Statement by Prime Minister Shri Atal Bihari Vajpayee on his speech at a public meeting in Goa

I am surprised and pained by the baseless and misinformed criticism of my speech at a public meeting in Goa on Friday (April 12) . It is being projected as “anti-Islam” and “anti-Muslim”. A motivated propaganda, both within the country and internationally, is sought to be launched on the basis of such misrepresentation. My remarks, taken in their totality, contain nothing that is either against Islam or against Muslims.

I had drawn attention to two contradictory streams in Islam. I had said, “Islam has two forms. One is that which tolerates others, which teaches its adherents to follow the path of Truth, which preaches compassion and sensitivity. But these days, militancy in the name of Islam leaves no room for tolerance. It has raised the slogan of jehad. It is dreaming of recasting the entire world in its mould.”

In pointing to these two divergent facets of Islam, I have not said anything new or different from what numerous perceptive observers, including many devout and concerned Muslims around the world, have already said.

When I said in my speech that some people “tend not to live in co-existence with others, not to mingle with others, and instead of propagating their ideas in a peaceful manner, resort to terror and threats,” my reference was clearly to followers of militant Islam, and not to ordinary Muslims in general.

I also emphatically said in my speech that India is a multi-religious but secular nation, which gives the right to all its citizens to follow their faiths freely. There cannot be any discrimination in India on the basis of the faith of a citizen. My view that madarasa education should include, apart from the teaching of Islam, lessons in science and other subjects is also reiterated by many people, including all forward-looking Muslims.

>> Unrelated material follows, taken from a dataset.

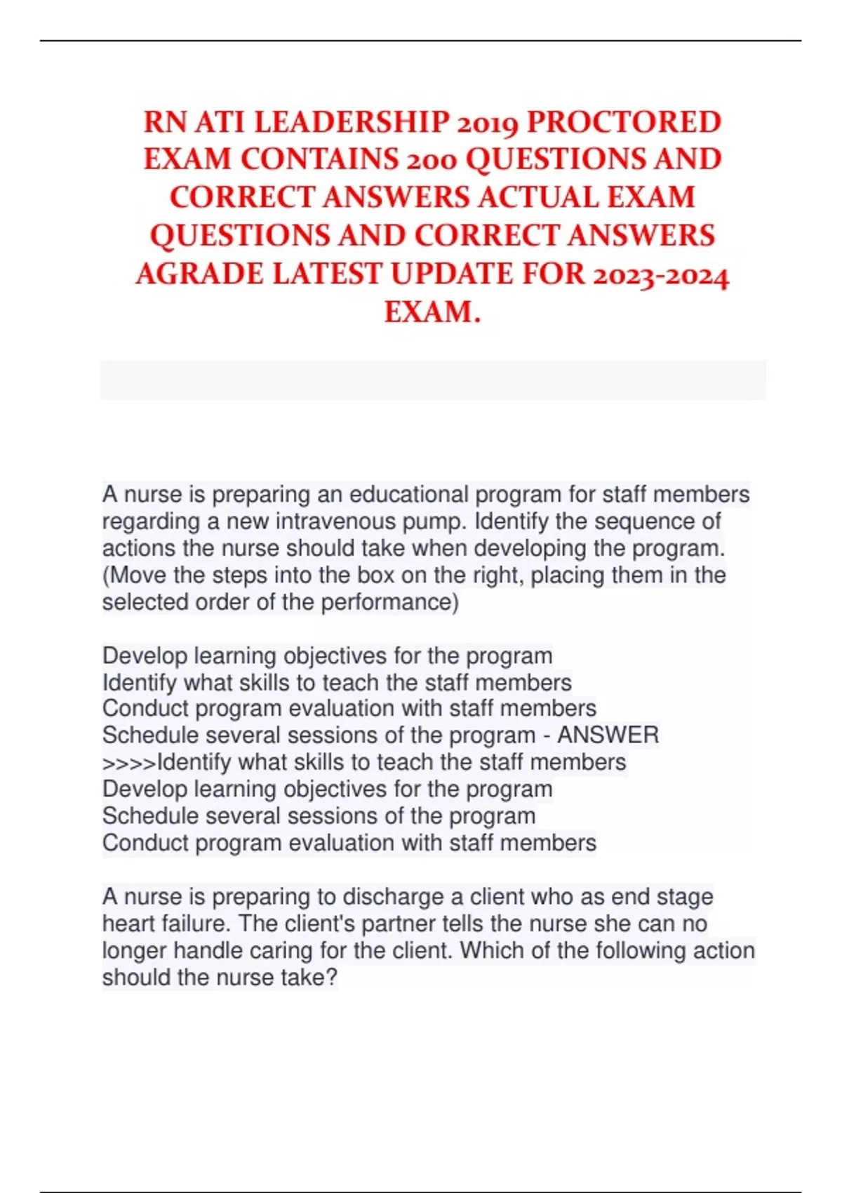 RN ATI LEADERSHIP 2019 PROCTORED EXAM CONTAINS 200 QUESTIONS AND CORRECT ANSWERS ACTUAL EXAM QUESTIONS AND CORRECT ANSWERS AGRADE LATEST UPDATE FOR EXAM

It is indeed strange that I am praised as a “secular leader” when I condemn, as I recently did, intolerance and other negative features exhibited by certain self-styled champions of Hindutva, but criticised as a “communal leader” when I point out the negative aspects of militant Islam. Such double standards do no good to a healthy debate on what is true secularism and what is in the interest of our nation and the world.